# Task description
Stop at the line that contains "Orangeburg County Leaders of the Year". Until then, set down each line of the records exactly, beginning with the first, and skip pictures.

(Stored items)
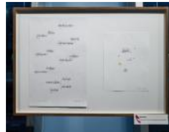
Score pages for "Tree Piece #17" by Wendy Reid, exhibited during OM 19 (2014) (IM.OM.FP.0019a.014)
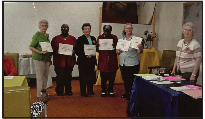
Orangeburg County Leaders of the Year

Our members spent 8,948 hours in volunteer activities with a value of $161,064.00. We received $1,137.20 from our Barbeque Sales and contributed $1,325.00 to community agencies in our county. We increased our donations to ten organizations by $50.00. Another organization that has been receiving $100.00 and will continue to receive this same amount. Three of our members participated in the State Project, "FCL and 4-H Making the Best Better Together" by receiving training to judge 4-H Representations and Record Books. Six of our members participated in regular exercising, some at a Health-Plex Facility and some exercising on their own. One member walks 30 minutes each day, no matter what the weather offers. Another member lost 20 pounds and is real proud of her accomplishment. We continue to strive to promote the best quality of life for all citizens in our communities through dedication, education, and service.
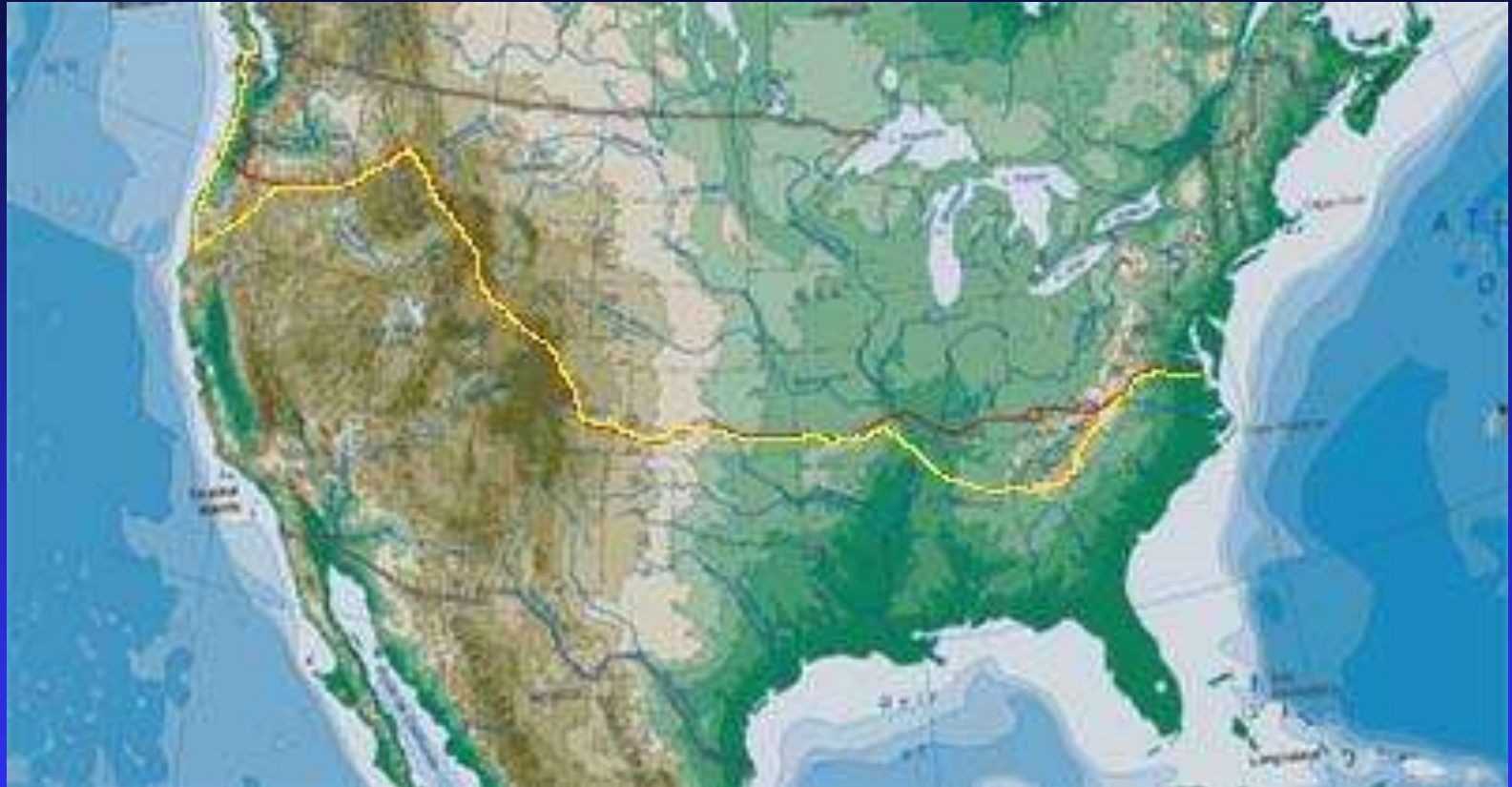
Trans-USA Bicycle Path
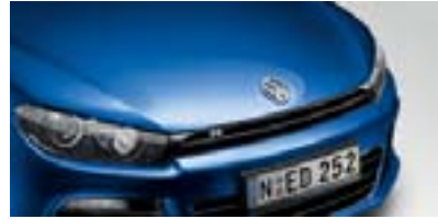
Rising Blue Metallic
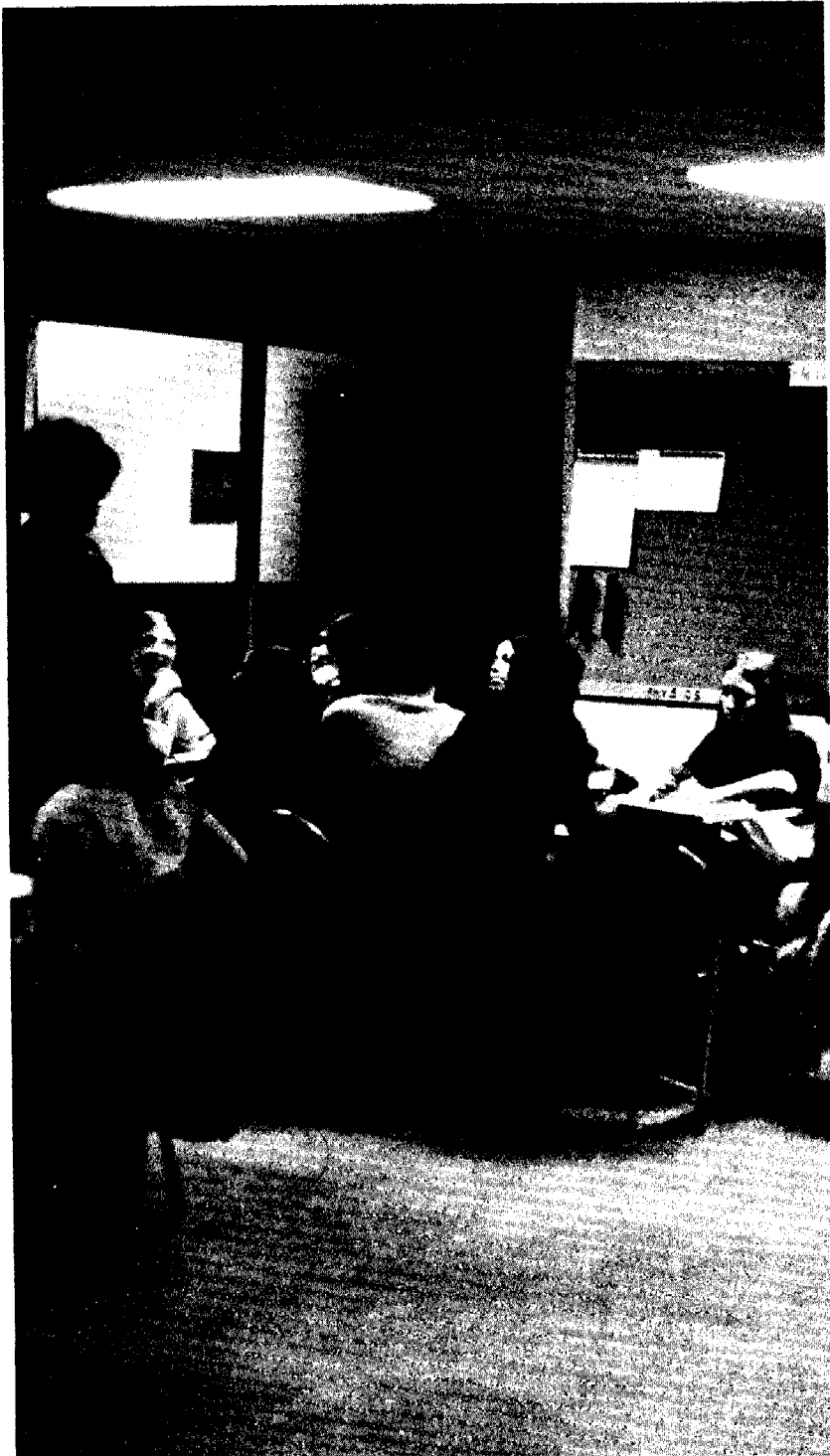
Students gather in lounge to plan activities
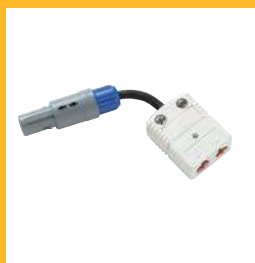
Universal Thermocouple Adapter
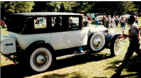
A dapper Rolls Royce receives an award.
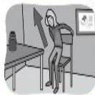
8 stand up
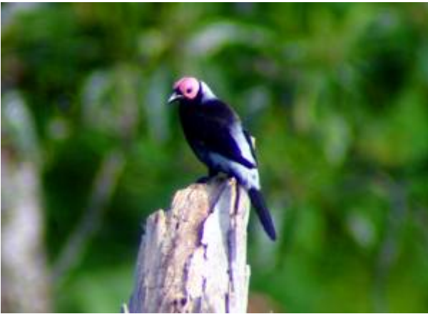
The strange-looking starling Coletto

It became a very hot and quiet day. Birding was a little slow. Along Road 4.2 we saw the best bird of the day, a fine male of the endemic Little Slaty Flycatcher on its territory.
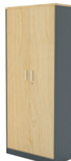
WK-MG-210-D1 900W x 450D x 2100H MM
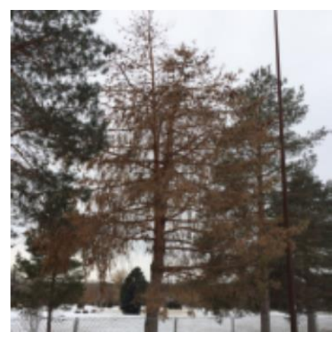
Scotch pine in Rapid City, SD suspected of pine wilt mortality. (Marcus Warnke 2016).
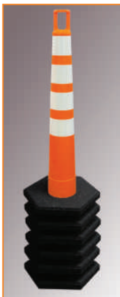
Compact stacking, even with base attached
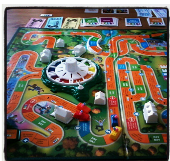
Beat the board
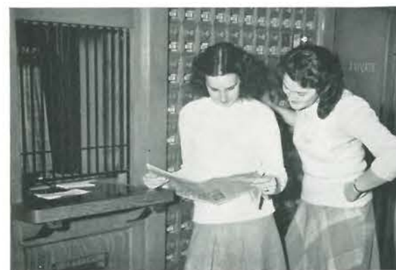
News from Home?
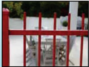
Cambridge 1500 Panel 1.500 High x 2.400 Long
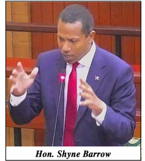
Hon. Shyne Barrow

“Two thousand Haitian nationals cannot disappear without some type of corruption taking place in the Ministry of Immigration,” Barrow said. Barrow questioned why the former Minister of State in the Ministry of Immigration, Hon. Ramon Cervantes was
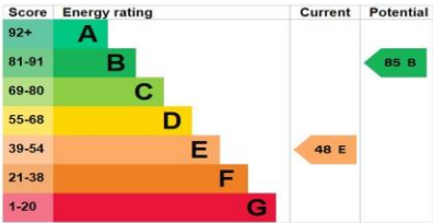
The graph shows this property's current and potential energy rating.
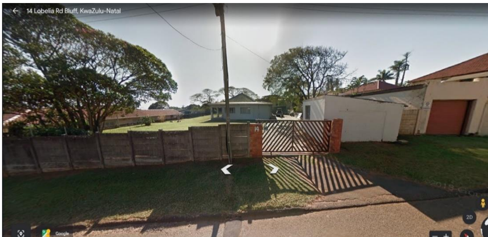
ROAD FRONTAGE OF THE EXISTING DWELLING – WEST ELEVATION
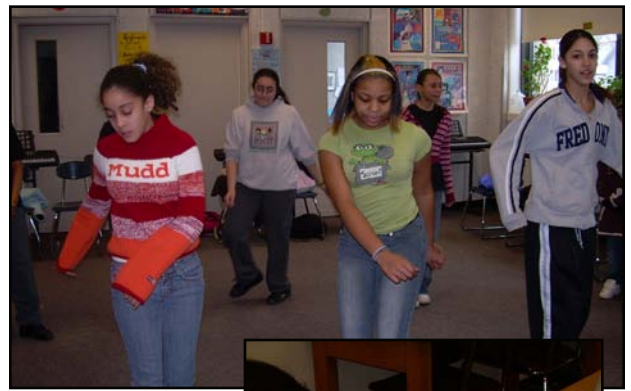
As part of the 21st Century Project, children are offered the opportunity to make scrap books and take dance classes, as well as other activities.

The activities offered through the 21 st Century program are developed to enrich the lives of the children and educate them outside the classroom. The skills that they learn might inspire them or influence them later in life. As the program's slogan attests, "After school is cool!" Δ

# Task solution
Score pages for "Tree Piece #17" by Wendy Reid, exhibited during OM 19 (2014) (IM.OM.FP.0019a.014)
Orangeburg County Leaders of the Year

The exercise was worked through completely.